Il "diritto ambientale" è definito in termini generali, in modo da comprendere tutta la normativa in materia ambientale. Trattandosi di una materia in costante evoluzione, la redazione di un elenco esaustivo sarebbe problematica in quanto comporterebbe la necessità di prevedere una procedura di aggiornamento periodico. Pertanto, la proposta tiene conto dei seguenti aspetti:

- la normativa deve tendere al conseguimento di uno degli obiettivi di cui all'articolo 174 del trattato CE;

- la definizione deve essere coerente con la convenzione di Århus e comprendere i principali aspetti dell'ambiente. Non sembra opportuno stabilire un elenco esaustivo di ciò che deve intendersi per "diritto ambientale", in quanto si tratta di un concetto non definito nella convenzione di Århus. La continua evoluzione del diritto ambientale impone invece di ricorrere a un elenco indicativo.

Atti e omissioni dei privati (articolo 3)

L'articolo 9, paragrafo 3 della convenzione di Århus prevede la possibilità di promuovere procedimenti di natura amministrativa o giurisdizionale per impugnare gli atti o contestare le omissioni dei privati o delle pubbliche autorità che violano il diritto ambientale. In ossequio al principio di sussidiarietà, la presente proposta si limita a definire più dettagliatamente soltanto le regole relative ai procedimenti di natura amministrativa e giurisdizionale nei confronti degli atti e delle omissioni delle pubbliche autorità. L'introduzione di disposizioni relative agli atti e alle omissioni dei privati inciderebbe sul nucleo stesso degli ordinamenti giuridici nazionali in quanto implicherebbe l'applicabilità delle norme di diritto comunitario ad una materia di stretta competenza degli Stati membri quale la possibilità per i privati di agire in giudizio contro gli atti di altri privati. Pertanto, la proposta recepisce l'obbligo previsto dalla convenzione di Århus, riservando però agli Stati membri l'adozione delle norme di dettaglio.

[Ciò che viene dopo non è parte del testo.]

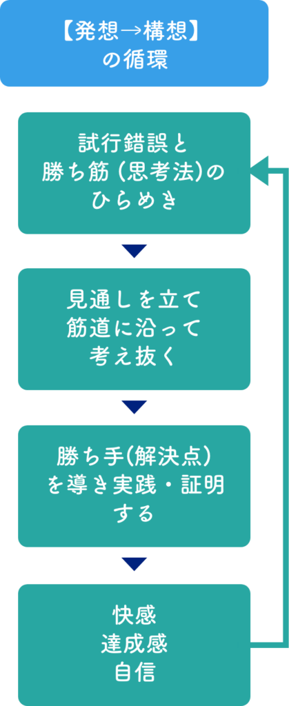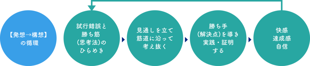 自ら考えて解決することの感動を繰り返し、発想→構想を習慣化します。
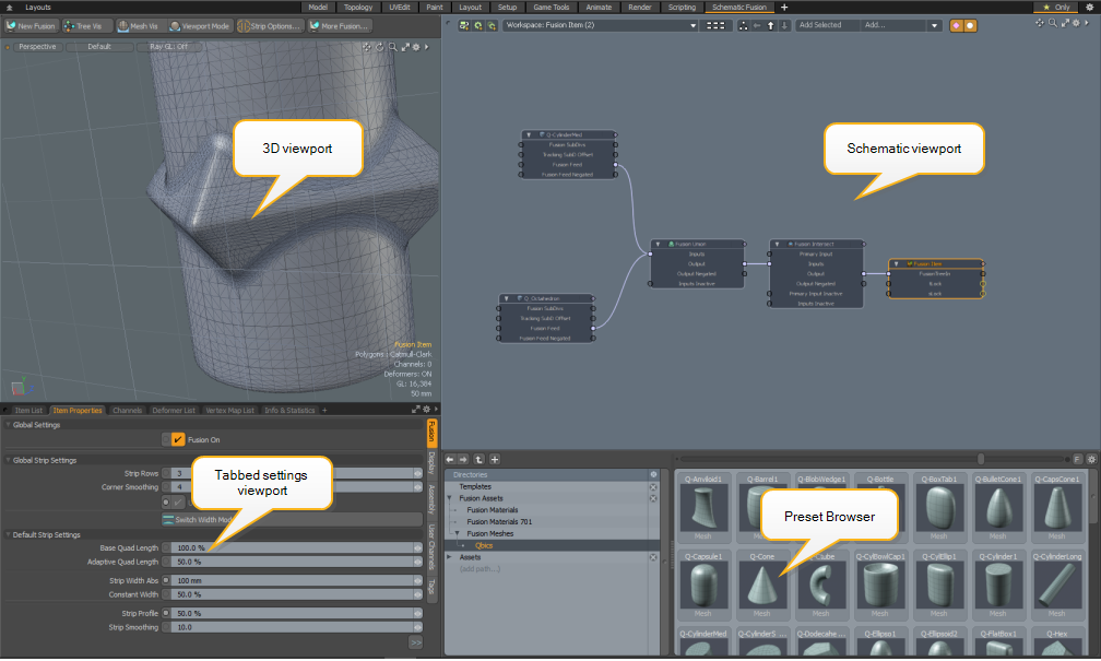 Note:  Schematic Fusion modeling is not compatible with the new MeshFusion workflow introduced in Modo 10.2. You can still edit your model in the Schematic, but you then need to convert it to the new format. For more details on how to do this, see Legacy Fusion Items.
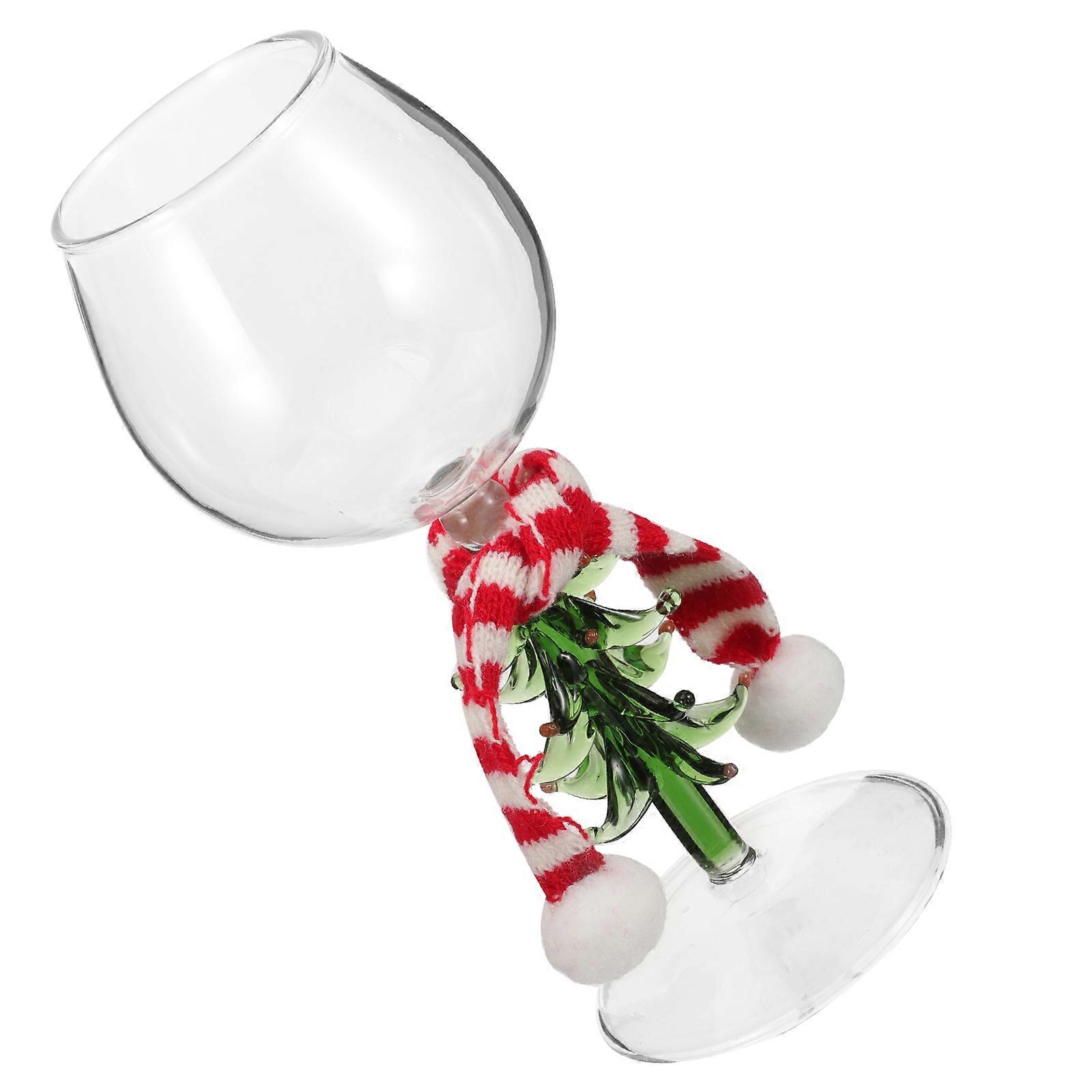 Christmas Wine Glass with Scarf and Christmas Tree Base for Home Use Green Color Safe and Glass 7.87 Inches

Legittimazione ad agire dei membri del pubblico (articolo 4)

L'articolo 4 stabilisce i criteri per individuare i membri del pubblico legittimati ad agire in via amministrativa o giurisdizionale e a chiedere l'adozione di misure provvisorie di salvaguardia nei confronti degli atti e delle omissioni delle pubbliche autorità soggette alla direttiva. I membri del pubblico devono vantare un interesse sufficiente nei confronti dell'atto o dell'omissione in questione o far valere la violazione di un diritto nei casi in cui il diritto processuale amministrativo dello Stato membro interessato esiga tale presupposto come condizione per poter promuovere un ricorso. Nello stabilire questi criteri, la Commissione ha deciso di non estendere la legittimazione ad agire a tutte le persone fisiche, in quanto l'actio popularis è incompatibile con il principio di sussidiarietà: la convenzione di Århus lascia infatti la possibilità di definire tali criteri nel quadro della legislazione nazionale.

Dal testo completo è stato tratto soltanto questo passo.